Lawson looked over and noticed dried blood on the side of Cassie’s head.
“Are you okay?”
Cassie
continued swerving around cars, pulling away from the scene they’d escaped from.
“They knocked me out. Lexi and I were getting out of the car to go into my apartment, and someone came up from behind and popped me in the head. That’s the last thing I remember. Where’s Lexi? Please tell me they don’t have Lexi!”
When she turned left onto Santa Monica Boulevard, the car almost ended up on two wheels she was driving so fast.
Lawson said, “Slow down, you’re gonna get us killed. They aren’t behind us.”
“Is Lexi okay?” Cassie was frantic. Only one other time had Lawson seen her this way. The day Lauren was murdered out on the lake.
“She’s fine.” Lawson made an effort to sound calm, hoping it would rub off. “That Find iPhone thing or whatever you did saved her life. She got away and hid in the park. Taylor knew how to use it and it led us right to Lexi. Just as they were about to get to her. How did you know where I was?”

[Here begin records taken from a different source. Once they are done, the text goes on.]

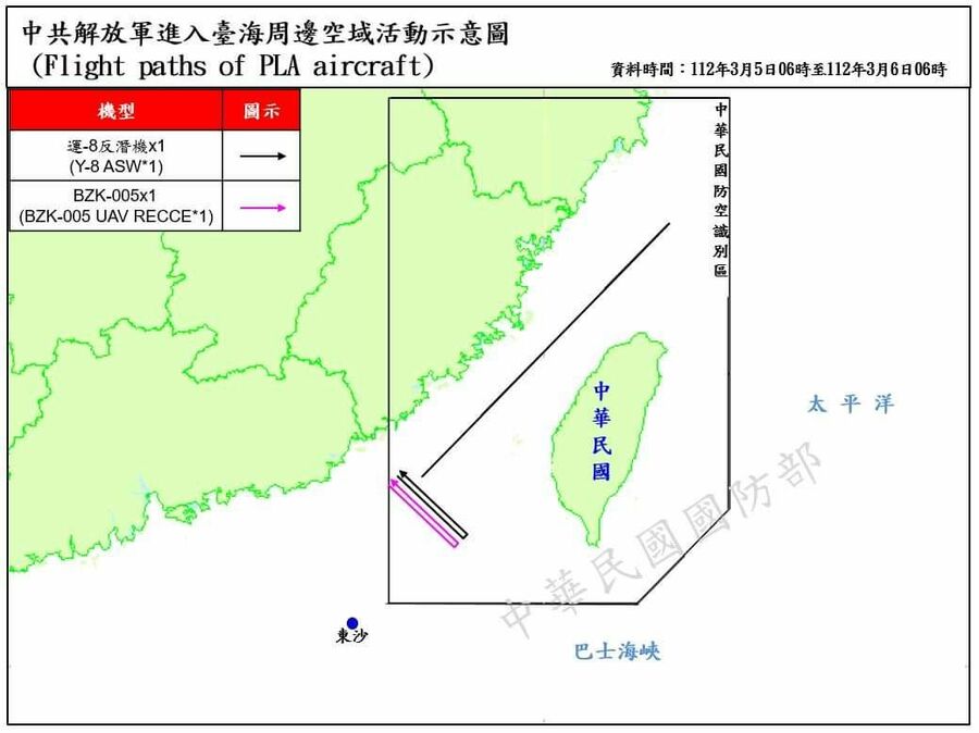 台湾国防部が公表した中国軍機接近航跡図のうち無人機が加わっていた日を抽出したもの。機型表記の「BZK-005」は無人偵察機、「CH-4」「TB-001」は無人偵察攻撃機、「J-10」「J-11」「J-16」「SU-30」は戦闘機、「Y-8 ASW」は対潜哨戒機、「Y-8 RECCE」は偵察機(以下、同)
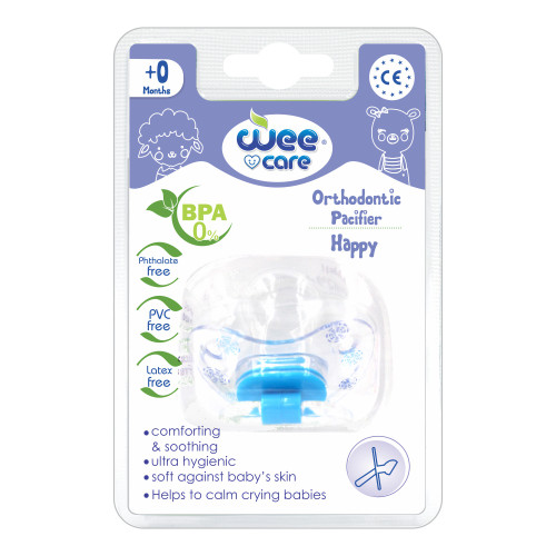 (Wee Care-P115)- پستانک ارتودنسی شفاف چاپدار وی کر مدل happy سایز 1
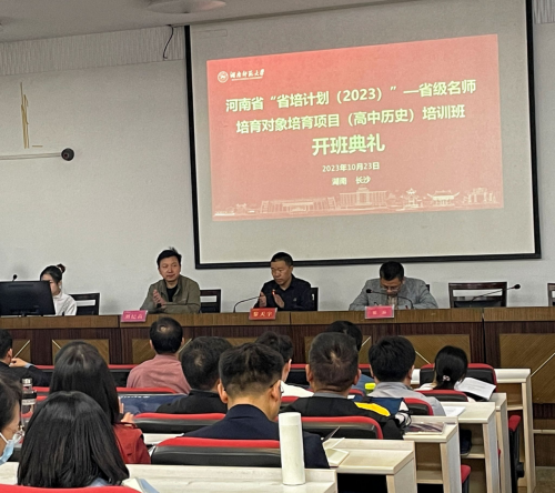 (通讯员 王一鸣)11月22日上午,河南省“省培计划(2023)”—省级名师培育对象(高中历史)培训班开班仪式在77779193永利官网202报告厅举行。学院副院长黎天宇、成教办主任刘纪高、学术班主任银品老师出席,班主任晏湛老师主持,培训班全体学员参加仪式。
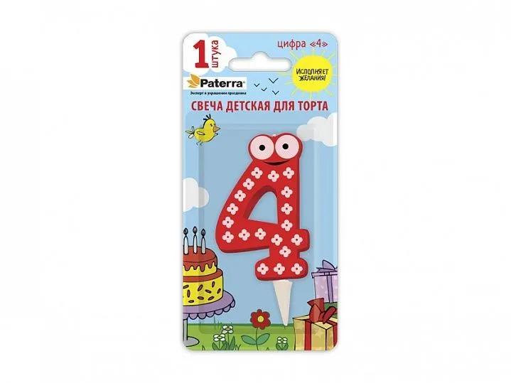 свечи д/торта  Цифры детские "4"  PATERRA
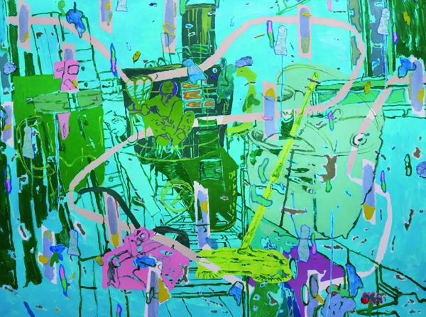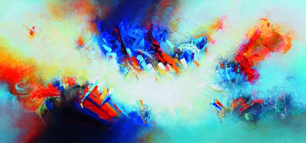 作者在平凡的元素中加入了不凡的色彩。他在作品中创建了色彩和图形之间复杂的关系。作品展现了一处虚拟的、前所未有的新风景——我们的情绪与想象世界。我们置身其间,仿若乘奔御风。
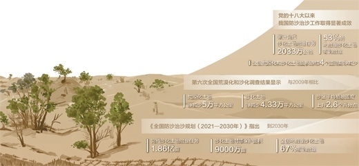 如今,烏蘭布和沙漠林草覆蓋度從上世紀50年代初期的0.04%提高到37.2%,呈現(xiàn)出“整體好轉(zhuǎn)、改善加速”的良好態(tài)勢,正在實現(xiàn)從“沙進人退”向“綠進沙退”的轉(zhuǎn)變。

“I-I didn’t. When I escaped the moron they had holding me, I took his car and followed those two that shot up the SUV you were in. I don’t have a phone or anything, so it was the only thing I knew might lead me back to Lexi. Then I saw you jump out of the truck. I just reacted and turned off the road to try to get to you. Where is Lexi? Do I need to go back to the park?”
“No, Lexi’s okay. She’s with Taylor.”
Cassie whipped her head toward Lawson, concern etched on her face. “But she lied about her sister. You think you can trust her?”
“Calm down. It’s all right. I mean, look at the two of us . . . You really think there was another option? You were kidnapped and I have people shooting at me. The actress seemed the lesser of the evils.”
“The actress who lied, got shot in your driveway, and oh by the way is a total stranger . . . And yet, I see your point.”
Lawson took a deep breath and rubbed his hands over his face, trying to calm himself now, and trying to stop all the swirling thoughts. They needed to land on a direction to go in, right then, even if it was the wrong one.